IF 4.7 2区 医学 Q1 ENDOCRINOLOGY & METABOLISM Pub Date : 2025-11-01 DOI: 10.1016/j.diabet.2025.101665
Robel Hussen Kabthymer , Tongzhi Wu , Sara Beigrezaei , Oscar H Franco , Allison M Hodge , Barbora de Courten

Aim

Globally, sugar intake from sugar-sweetened beverages (SSBs) exceeds the daily recommended limits for intake levels of free sugar. Artificially sweetened beverages (ASBs), widely used to replace SSBs, are increasingly linked to adverse health outcomes. Hence, we assessed the association of sweetened beverage intake (SSBs and ASBs) with the risk of type 2 diabetes (T2DM).

Methods

Data from the Melbourne Collaborative Cohort Study (MCCS) on 36,608 individuals aged 40 to 69 years were used. Self-reported data on diabetes were collected. The frequency of SSBs and ASBs consumption was categorized as: never or < 1 time/month; 1–3 per month; 1–6 times per week; ≥1 time / day.
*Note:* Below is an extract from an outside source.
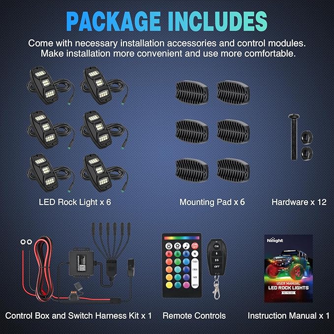 • Included Components : 1 X 4 Way Splitter Controller Harness Kit, 1 X User Manual, 2 X Remote Controller, 6 X RGBW LED Rock Lights, 6 X Rubber Pads and Rust Proof Hardware 1 X 4 Way Splitter Controller Harness Kit, 1 X User Manual, 2 X Remote Controller, 6 X RGBW LED Rock Lights, 6 X Rubber Pads and Rust Proof Hardware

The association of sweetened beverage intake with the incidence of T2DM was assessed using modified Poisson regression, adjusted for lifestyle, obesity, socioeconomic, and other confounders.

Results

Intakes of SSBs and ASBs were associated with an increased risk of T2DM. A high intake (≥ 1 time/day) compared to a low intake (never or < 1 time / month) was associated with increased risk of T2DM for SSB intake (incidence risk ratio (IRR) = 1.23; 95 % CI: 1.05–1.45; P for trend = 0.006) and for ASB intake (IRR = 1.38; 95 % CI: 1.18–1.61; P for trend < 0.001). Further adjustment for body mass index (BMI) and waist-to hip ratio (WHR) eliminated the association for SSBs, but not ASBs intake.

Conclusions

Both sugar and artificially sweetened beverages were linked to an increased risk of T2DM. The findings highlight the need for public health measures to control the intake of sweetened beverages.
目的:在全球范围内,从含糖饮料(SSBs)中摄入的糖超过了每日游离糖摄入量的推荐限制。人工加糖饮料(asb)被广泛用于替代ssb,与不良健康结果的联系越来越紧密。因此,我们评估了甜饮料摄入(ssb和asb)与2型糖尿病(T2DM)风险的关系。方法:来自墨尔本合作队列研究(MCCS)的数据,涉及36,608名年龄在40至69岁之间的个体。收集自我报告的糖尿病数据。SSBs和ASBs的使用频率分为:从不或< 1次/月;每月1-3次;每周1-6次;≥1次/天。使用修正泊松回归评估含糖饮料摄入量与T2DM发病率的关系,并根据生活方式、肥胖、社会经济和其他混杂因素进行调整。结果:ssb和asb的摄入与T2DM风险增加相关。高摄入量(≥1次/天)与低摄入量(从不或< 1次/月)相比,SSB摄入增加了T2DM的风险(发病率风险比(IRR) = 1.23;95% ci: 1.05-1.45;趋势P = 0.006)和ASB摄入量P (IRR = 1.38;95% ci: 1.18-1.61;P表示趋势< 0.001)。进一步调整身体质量指数(BMI)和腰臀比(WHR)消除了与ssb的关联,但没有消除与asb摄入量的关联。结论:糖和人工加糖饮料都与2型糖尿病风险增加有关。研究结果强调需要采取公共卫生措施来控制加糖饮料的摄入。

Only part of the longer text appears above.